The new extension is carefully integrated into the historic fabric of this remarkable town. The materiality, scale and layout of the building on the site possess qualities that locate it within the formal and material palette of Bayeux, linking it sensitively to its setting.
Our intention is to weave this building elegantly into the rich urban ‘tapestry’ to which it belongs. The extension is also designed to be contemporary, drawing visitors in with an iconic design that clearly places the extension in the present moment.

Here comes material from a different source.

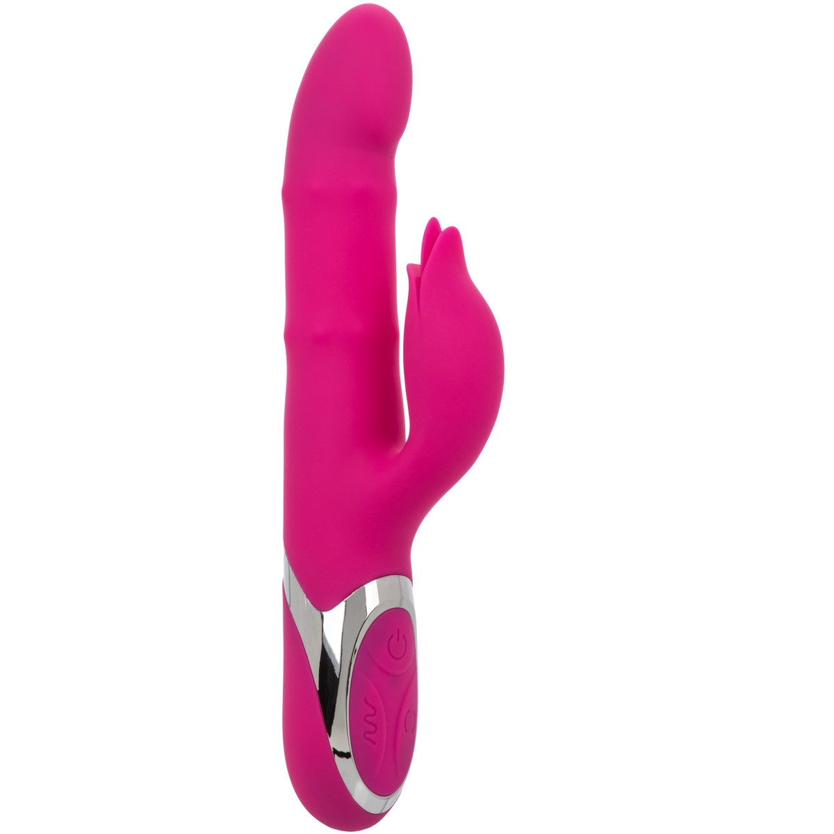 Enchanted Embrace – перезаряжаемый вибромассажер с клиторальным отростком в форме бутона Изготовлен из бесшовного, гипоаллергенного, безопасного для тела, не содержащего фталатов силикона премиум-класса. Два мощных мотора обеспечивает 12 интенсивных режимов вибрации и 4 функции пенетрации бусинами по всему стволу. Девайс снабжен высокотехнологичным чипом памяти, который позволяет запомнить последний режим выбранной вибрации и включается именно с него, не требуя снова искать предпочитаемую функцию. Вибромассажер заряжается через USB и может быть подключен практически в любом месте, просто подсоедините идущий в комплекте шнур к совместимому порту компьютера или USB-адаптера (приобретается отдельно), а противоположный конец со штекером к игрушке. Размер: общая длина 24 см, длина рабочей части 12,75 см, длина клиторального отростка 7,5 см, диаметр 3,75 см. Цвет фиолетовый. Для более комфортного использования рекомендуем приобрести смазку на водной основе и очищающий спрей Clear Toy 100 мл для обработки изделия.

The museum is organised around a unique and singular object, the tapestry: the space housing it is the starting point for the extension. Its volume resolves the complex geometry of the site, is the result of alignments with
neighbouring buildings and defined by the dynamic lines delimiting its roof, helping to reduce the perception of the volume of the extension, aligning its scale to that of the buildings that surround it. The monumental nature of the tapestry is reflected in the building’s horizontal presence on the street, underlining its exceptional dimensions.
The formal design of the extension is legible from the outside, making it easier to understand how the building is organised. The geometry of the space housing the tapestry is dictated by the spatial qualities that characterise it (depth of field, set-back distances, cones of vision, etc.) and by its relationship with the volume housing the permanent exhibition. It directly defines the sculptural expression of the building.

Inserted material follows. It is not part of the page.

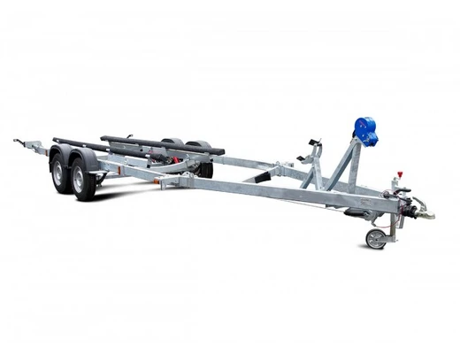 ● Передвижной носовой упор имеет регулируемую высоту и угол наклона. Он может быть отрегулирован и установлен в наиболее удобное положение для установки перевозимой техники. Лебёдка облегчает погрузку техники на прицеп и страхует её при спуске на воду.

Our proposal offers views of the tapestry that embraces it at every scale. Focused on this singular object, the architecture and dispositions of the museum create the right conditions for viewing the tapestry, placing the visitor and the work in a privileged relationship: from an overview that reveals the work over 70m in a single sweep, celebrating its monumentality, to one that places the visitor in intimate contact with the tapestry, one in which each thread of the embroidery is revealed.
The visitor circuit takes the form of a loop, one that offers views of the tapestry from a number of different vantage points, orienting the visitor and re-framing the work to its historical and cultural context, offering the visitor new perspectives on this emblematic artifact.